Top 5 Questions Management Must Answer:
- AI backlog conversion: With $30 billion in AI server orders year-to-date, what’s the timeline for converting this into revenue?
- Storage weakness: Storage revenue fell 1% while servers surged 37%. What’s driving the decline?
- Consumer segment: Revenue dropped 7% YoY. Strategic retreat or market share loss?
- Margin trajectory: Can Dell avoid competitor HPE’s 45% earnings decline despite 18.5% revenue growth?
- Q4 guidance: Why expect $31-32 billion in Q4 after missing Q3?
Quote That Mattered The Most
Dell Technologies Inc. (NYSE: DELL) management struck an aggressively bullish tone in its latest earnings release, with Vice Chairman and COO Jeff Clarke emphasizing unprecedented AI momentum.

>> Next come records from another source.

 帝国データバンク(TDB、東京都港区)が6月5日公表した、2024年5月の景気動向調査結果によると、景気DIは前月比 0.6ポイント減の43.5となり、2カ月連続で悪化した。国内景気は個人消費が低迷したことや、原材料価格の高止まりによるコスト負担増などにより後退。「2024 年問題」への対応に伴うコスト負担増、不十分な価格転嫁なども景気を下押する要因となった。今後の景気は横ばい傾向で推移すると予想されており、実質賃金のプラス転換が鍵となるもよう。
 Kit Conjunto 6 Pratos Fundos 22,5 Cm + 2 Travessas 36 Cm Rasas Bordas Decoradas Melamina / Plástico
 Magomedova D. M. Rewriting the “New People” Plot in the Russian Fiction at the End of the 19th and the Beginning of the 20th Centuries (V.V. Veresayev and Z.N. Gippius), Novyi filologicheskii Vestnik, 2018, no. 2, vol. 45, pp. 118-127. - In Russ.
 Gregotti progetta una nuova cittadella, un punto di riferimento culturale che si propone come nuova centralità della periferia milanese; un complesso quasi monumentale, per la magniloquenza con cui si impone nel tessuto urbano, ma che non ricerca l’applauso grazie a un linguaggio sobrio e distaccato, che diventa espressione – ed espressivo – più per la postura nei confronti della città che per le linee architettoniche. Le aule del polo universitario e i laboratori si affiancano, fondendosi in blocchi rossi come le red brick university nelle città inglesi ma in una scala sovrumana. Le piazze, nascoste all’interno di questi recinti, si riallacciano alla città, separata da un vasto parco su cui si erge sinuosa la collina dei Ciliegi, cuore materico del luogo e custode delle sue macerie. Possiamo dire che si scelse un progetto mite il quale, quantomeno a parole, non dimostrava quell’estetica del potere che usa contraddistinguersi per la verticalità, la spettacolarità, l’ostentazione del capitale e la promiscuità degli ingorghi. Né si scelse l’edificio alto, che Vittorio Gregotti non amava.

Management Sentiment Rating: 9/10 (Very Bullish)
“AI momentum is accelerating in the second half of the year, leading to record AI server orders of $12.3 billion and an unprecedented $30 billion in orders year to date,” Clarke stated, highlighting the company’s dominant position in enterprise AI infrastructure.

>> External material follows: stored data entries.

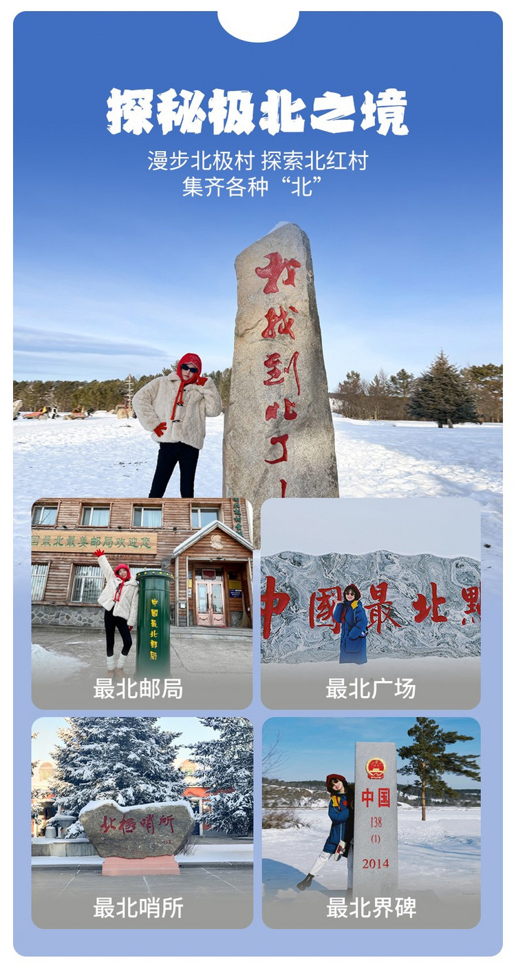 16:30抵达中国最北的原始村庄-【北红村】,这里开发相对没有那么成熟,因此保留了一些原始淳朴的东北边境村庄该有的样子;北红村坐落于中国的最北端,位于中俄交界,大家可以在这里体验一下泼水成冰的感觉哦~还可以穿上乡村特色的花棉袄COSPLAY。
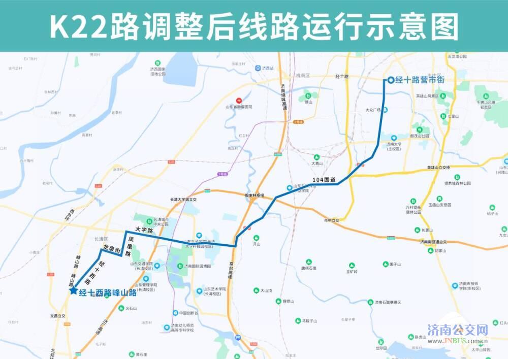 K22路优化调整后由经十西路峰山路开往经十路营市街,沿经十西路向北、龙泉街向东、凤凰路向北、大学路向东至104国道向北恢复原线,增设经十西路峰山路、经十西路苏和路、经十西路丹桂路、汇侨城、长清一中、龙泉街文昌路、长兴美郡、凤凰路清河街、凤凰路大学路、八里庄、乐天小区、公交营运中心(路南)站点。
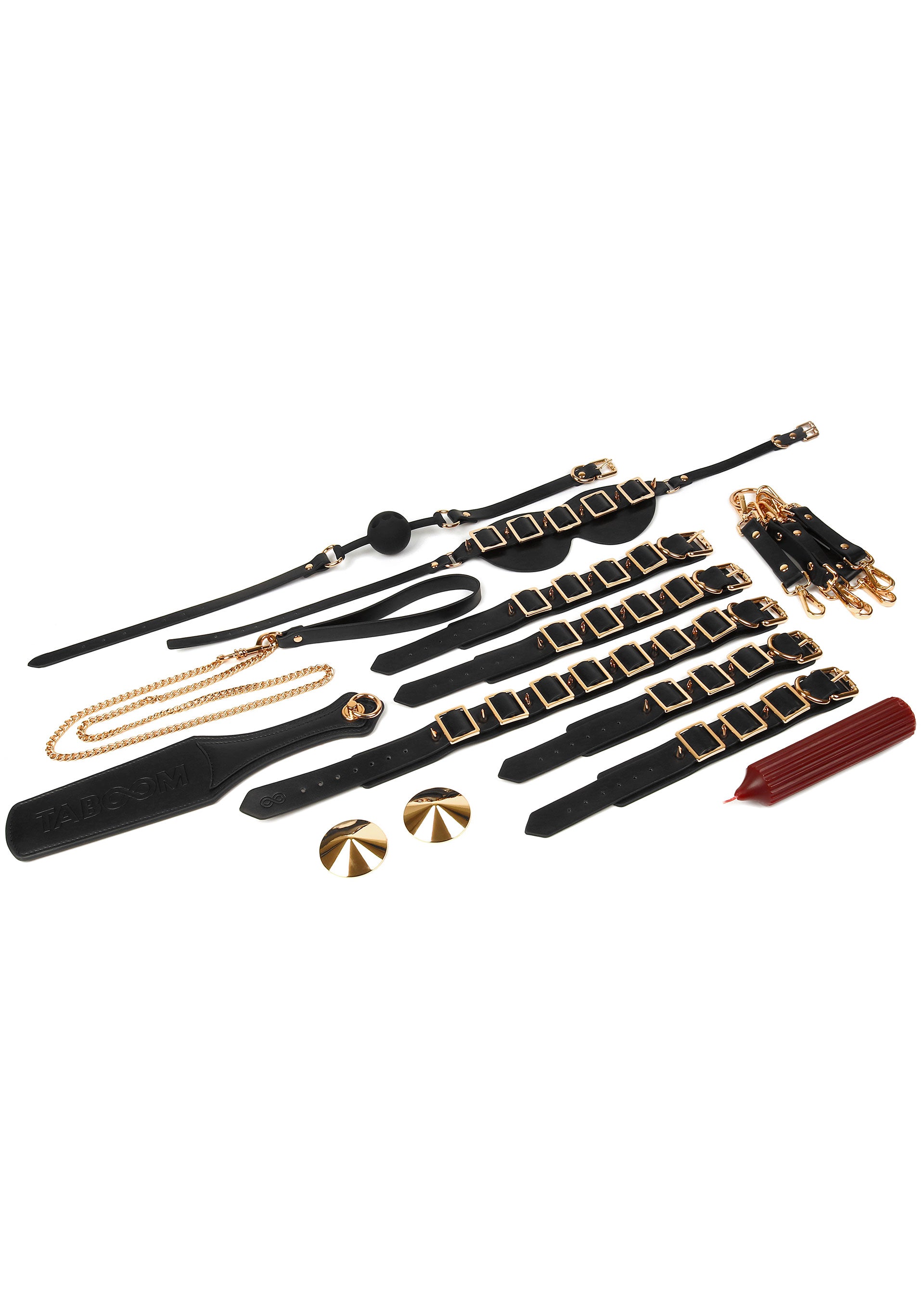 Unlock your deepest fantasies with TABOOM Desires Masterpiece Suitcase – a unique collection of 11 exquisite bondage essentials designed for couples ready to explore new heights together. Inside the eye-catching suitcase, you'll find a seductive collar with leash, elegant handcuffs and wrist cuffs, a sensual blindfold, teasing ball gag, smooth paddle, alluring nipple covers, and a BDSM drip candle to heat up every moment.

The emphasis was laser-focused on AI scale. Clarke noted Infrastructure Solutions Group revenue surged 24% to $14.1 billion, with Servers and Networking revenue jumping 37% to $10.1 billion. Management raised full-year guidance to $111.7 billion, representing 17% year-over-year growth.
The tone reflects high confidence in sustained AI demand, with management pointing to expanding enterprise adoption beyond hyperscale cloud providers as a key growth driver.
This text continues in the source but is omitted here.